What the task asks:
Return the data exactly, without pictures.

Supplied entries:
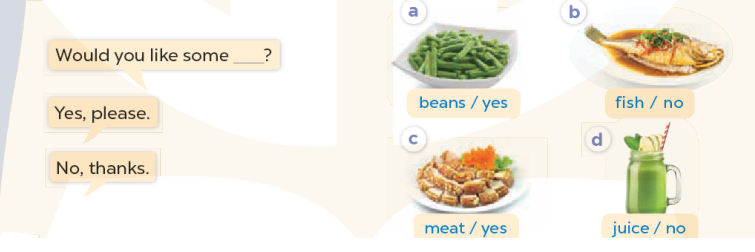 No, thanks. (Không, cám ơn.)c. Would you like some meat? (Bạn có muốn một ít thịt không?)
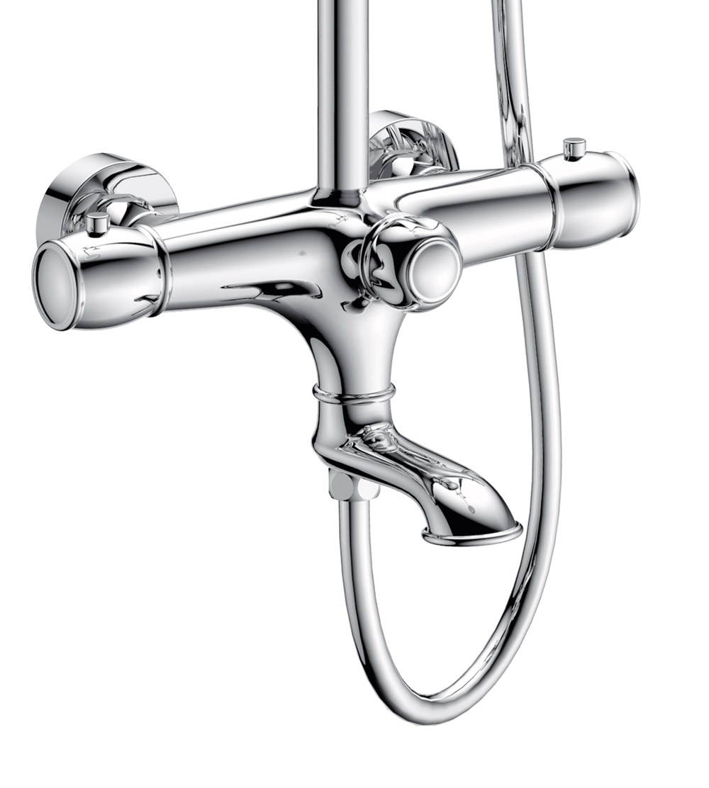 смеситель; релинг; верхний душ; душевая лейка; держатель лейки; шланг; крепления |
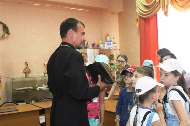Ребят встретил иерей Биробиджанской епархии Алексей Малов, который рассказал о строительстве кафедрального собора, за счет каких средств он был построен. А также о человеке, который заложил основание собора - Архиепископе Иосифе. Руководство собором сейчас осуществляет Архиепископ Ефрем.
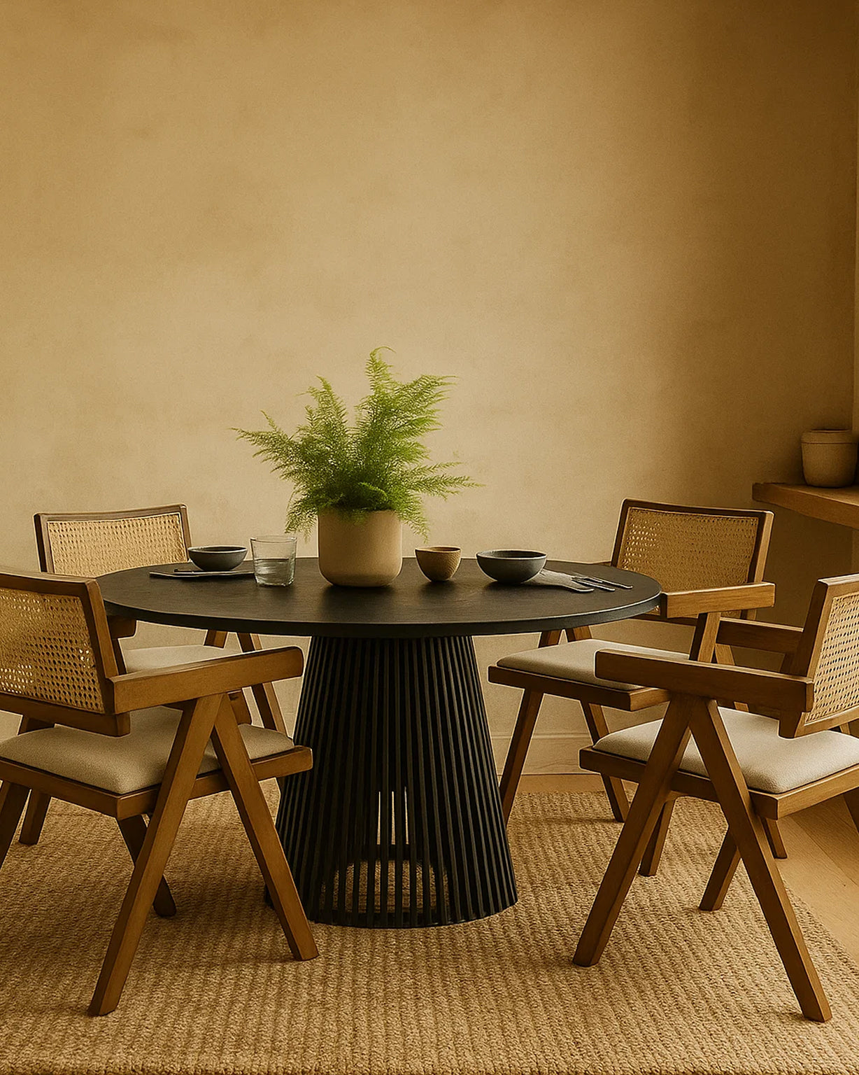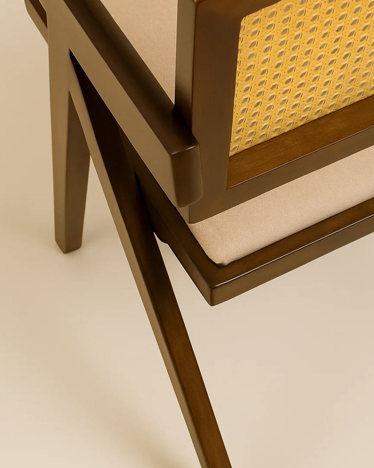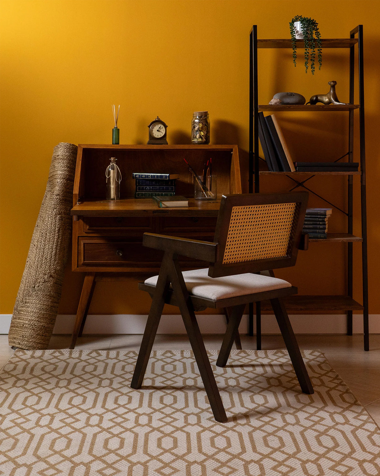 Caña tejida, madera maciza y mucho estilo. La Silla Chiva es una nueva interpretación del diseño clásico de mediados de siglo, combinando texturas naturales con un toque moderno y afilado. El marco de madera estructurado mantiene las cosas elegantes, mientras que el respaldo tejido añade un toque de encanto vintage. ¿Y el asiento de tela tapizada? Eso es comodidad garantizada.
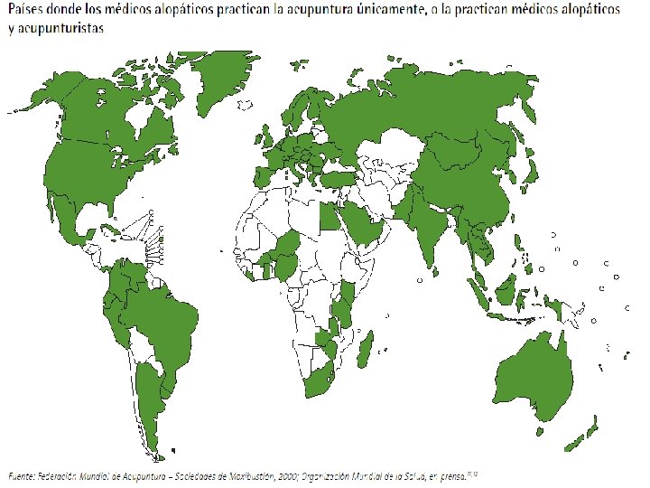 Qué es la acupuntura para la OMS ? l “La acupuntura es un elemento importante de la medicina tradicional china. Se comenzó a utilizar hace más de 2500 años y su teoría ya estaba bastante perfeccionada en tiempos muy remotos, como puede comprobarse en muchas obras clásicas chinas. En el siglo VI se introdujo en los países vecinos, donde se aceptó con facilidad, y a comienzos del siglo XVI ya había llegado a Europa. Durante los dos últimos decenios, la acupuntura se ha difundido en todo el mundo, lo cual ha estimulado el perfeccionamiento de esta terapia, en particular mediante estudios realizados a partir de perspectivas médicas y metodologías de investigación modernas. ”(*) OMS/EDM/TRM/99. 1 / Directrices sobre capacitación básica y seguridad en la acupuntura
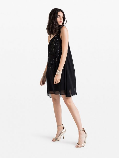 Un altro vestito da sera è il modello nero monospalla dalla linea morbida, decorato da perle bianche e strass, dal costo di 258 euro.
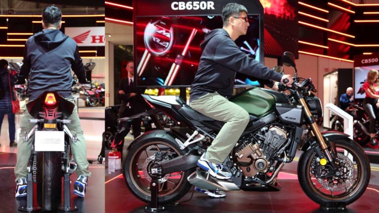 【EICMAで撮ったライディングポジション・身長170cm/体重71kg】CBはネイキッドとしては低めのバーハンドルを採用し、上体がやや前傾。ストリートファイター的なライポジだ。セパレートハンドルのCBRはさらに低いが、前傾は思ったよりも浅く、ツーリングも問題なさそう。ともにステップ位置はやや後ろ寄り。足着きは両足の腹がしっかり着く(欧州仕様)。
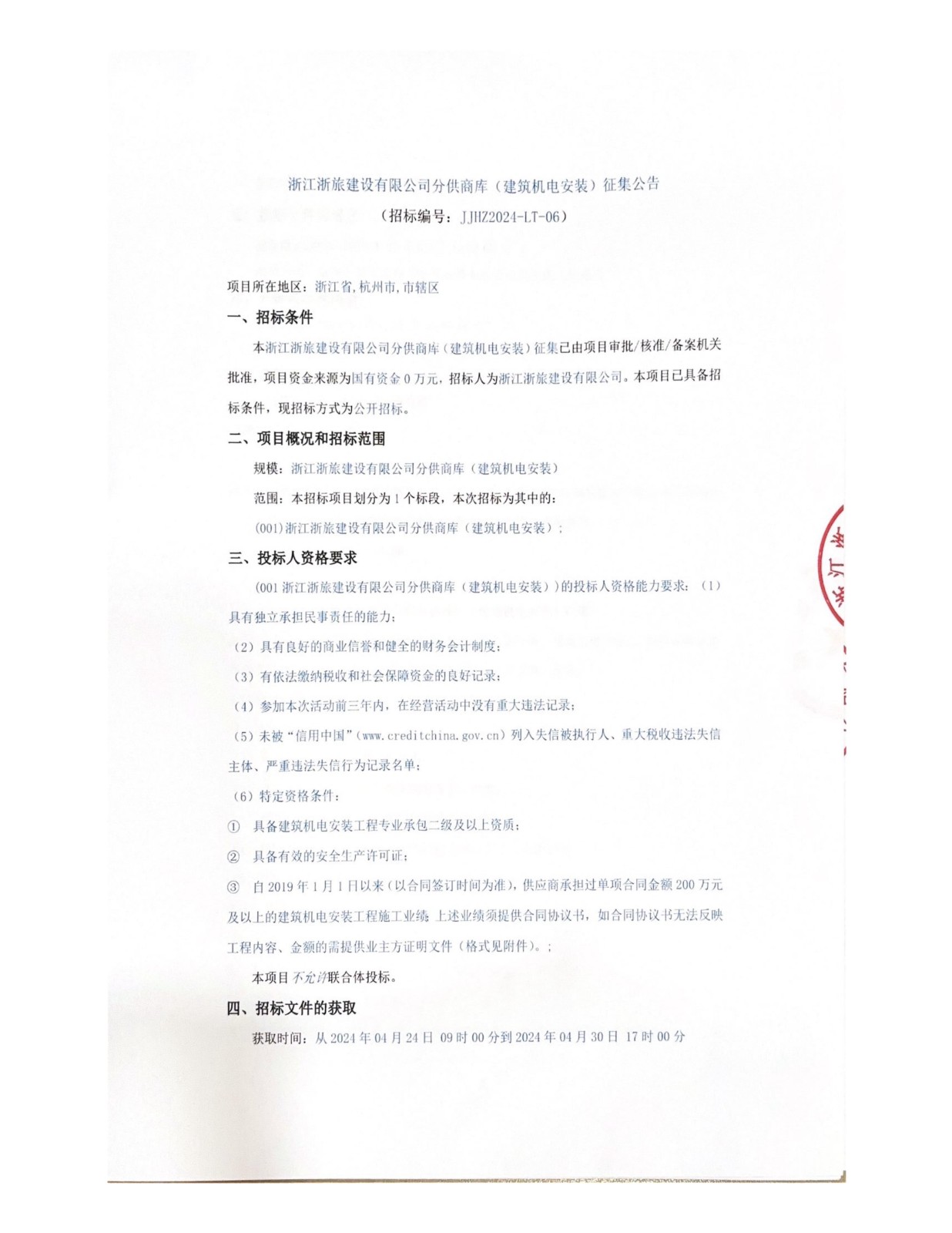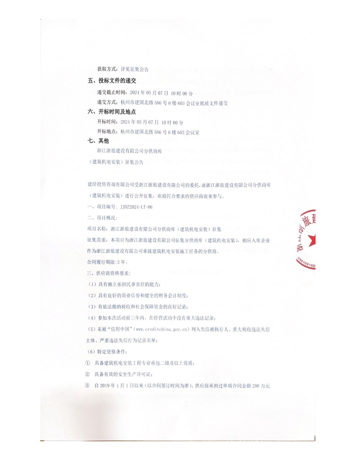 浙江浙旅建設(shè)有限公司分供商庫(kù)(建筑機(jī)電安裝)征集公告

Result below:
 No, thanks. (Không, cám ơn.)c. Would you like some meat? (Bạn có muốn một ít thịt không?)
 смеситель; релинг; верхний душ; душевая лейка; держатель лейки; шланг; крепления |
Ребят встретил иерей Биробиджанской епархии Алексей Малов, который рассказал о строительстве кафедрального собора, за счет каких средств он был построен. А также о человеке, который заложил основание собора - Архиепископе Иосифе. Руководство собором сейчас осуществляет Архиепископ Ефрем.
 Caña tejida, madera maciza y mucho estilo. La Silla Chiva es una nueva interpretación del diseño clásico de mediados de siglo, combinando texturas naturales con un toque moderno y afilado. El marco de madera estructurado mantiene las cosas elegantes, mientras que el respaldo tejido añade un toque de encanto vintage. ¿Y el asiento de tela tapizada? Eso es comodidad garantizada.
 Qué es la acupuntura para la OMS ? l “La acupuntura es un elemento importante de la medicina tradicional china. Se comenzó a utilizar hace más de 2500 años y su teoría ya estaba bastante perfeccionada en tiempos muy remotos, como puede comprobarse en muchas obras clásicas chinas. En el siglo VI se introdujo en los países vecinos, donde se aceptó con facilidad, y a comienzos del siglo XVI ya había llegado a Europa. Durante los dos últimos decenios, la acupuntura se ha difundido en todo el mundo, lo cual ha estimulado el perfeccionamiento de esta terapia, en particular mediante estudios realizados a partir de perspectivas médicas y metodologías de investigación modernas. ”(*) OMS/EDM/TRM/99. 1 / Directrices sobre capacitación básica y seguridad en la acupuntura
 Un altro vestito da sera è il modello nero monospalla dalla linea morbida, decorato da perle bianche e strass, dal costo di 258 euro.
 【EICMAで撮ったライディングポジション・身長170cm/体重71kg】CBはネイキッドとしては低めのバーハンドルを採用し、上体がやや前傾。ストリートファイター的なライポジだ。セパレートハンドルのCBRはさらに低いが、前傾は思ったよりも浅く、ツーリングも問題なさそう。ともにステップ位置はやや後ろ寄り。足着きは両足の腹がしっかり着く(欧州仕様)。
 浙江浙旅建設(shè)有限公司分供商庫(kù)(建筑機(jī)電安裝)征集公告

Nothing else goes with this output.